[24638] in Perl-Users-Digest
Perl-Users Digest, Issue: 6802 Volume: 10
daemon@ATHENA.MIT.EDU (Perl-Users Digest)
Tue Aug 3 12:41:13 2004
Date: Tue, 3 Aug 2004 09:40:40 -0700 (PDT)
From: Perl-Users Digest <Perl-Users-Request@ruby.OCE.ORST.EDU>
To: Perl-Users@ruby.OCE.ORST.EDU (Perl-Users Digest)

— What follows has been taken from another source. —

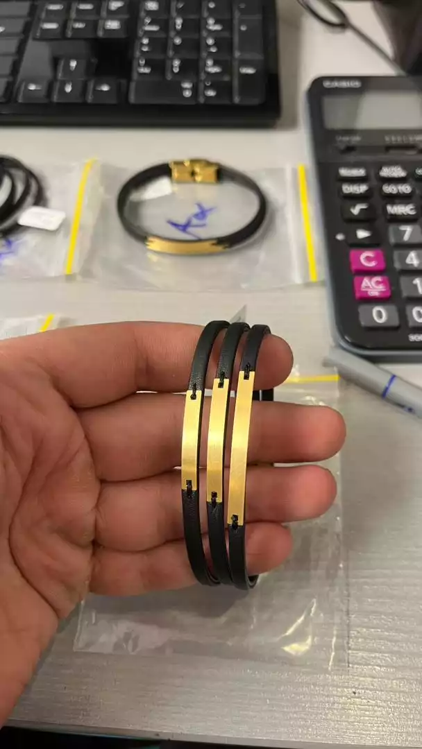 پلاک طلای دستبند ها اغلب با تکنولوژی لیزر کات تولید می شود و با توجه به اینکه این محصولات با چرم ترکیب می شوند دوام و استحکام آنها بالا می باشد .

Perl-Users Digest Tue, 3 Aug 2004 Volume: 10 Number: 6802
Today's topics:
CGI file ownership (Andrew)
Re: CGI file ownership <invalid-email@rochester.rr.com>
Re: CGI file ownership (David Efflandt)
Re: CGI file ownership <webmaster @ infusedlight.net>
Re: CGI file ownership (Andrew)
Re: CGI file ownership <Joe.Smith@inwap.com>
Re: CGI file ownership <spamtrap@dot-app.org>
Re: CGI file ownership <clpm@nospam.perusion.com>
Re: CGI file ownership <webmaster @ infusedlight.net>
Re: CGI file ownership <spamtrap@dot-app.org>
Re: CGI file ownership <jurgenex@hotmail.com>
Re: CGI file ownership (Walter Roberson)
Re: CGI file ownership <spamtrap@dot-app.org>
Re: CGI file ownership <nanae@nanae.perusion.com>
Re: CGI file ownership <spamtrap@dot-app.org>
Digest Administrivia (Last modified: 6 Apr 01) (Perl-Users-Digest Admin)

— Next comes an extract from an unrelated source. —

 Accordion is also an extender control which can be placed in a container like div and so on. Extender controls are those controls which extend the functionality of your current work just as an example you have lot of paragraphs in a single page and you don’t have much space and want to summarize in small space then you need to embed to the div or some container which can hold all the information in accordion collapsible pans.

----------------------------------------------------------------------
Date: 24 Jul 2004 10:16:31 -0700
From: arobcorp@yahoo.com.au (Andrew)
Subject: CGI file ownership
Message-Id: <9e8ef4c1.0407240916.6a9513a9@posting.google.com>
Hi all and thanks for any help given!,
I am currently building a web page with cgi's that create text files
to store data. When it does this it is saving the file with ownership
of apache, and i want to change the ownership of the file to a lesser
owner (the one where the webpage is stored). I have tried some comands
and variations of the commands with no sucess!. is there anyone that
knows how to change the ownership (hardlink) to a lesser owner?, if so
could you please provide the line of code and how it works =)
Thanks Heaps
Andrew
------------------------------
Date: Sat, 24 Jul 2004 17:32:28 GMT
From: Bob Walton <invalid-email@rochester.rr.com>
Subject: Re: CGI file ownership
Message-Id: <41029CB7.5020000@rochester.rr.com>
Andrew wrote:
...
> I am currently building a web page with cgi's that create text files
> to store data. When it does this it is saving the file with ownership
> of apache, and i want to change the ownership of the file to a lesser
> owner (the one where the webpage is stored). I have tried some comands
> and variations of the commands with no sucess!. is there anyone that
> knows how to change the ownership (hardlink) to a lesser owner?, if so
> could you please provide the line of code and how it works =)
...
> Andrew
>
You don't say what your OS is, but I assume is it some flavor of Unix.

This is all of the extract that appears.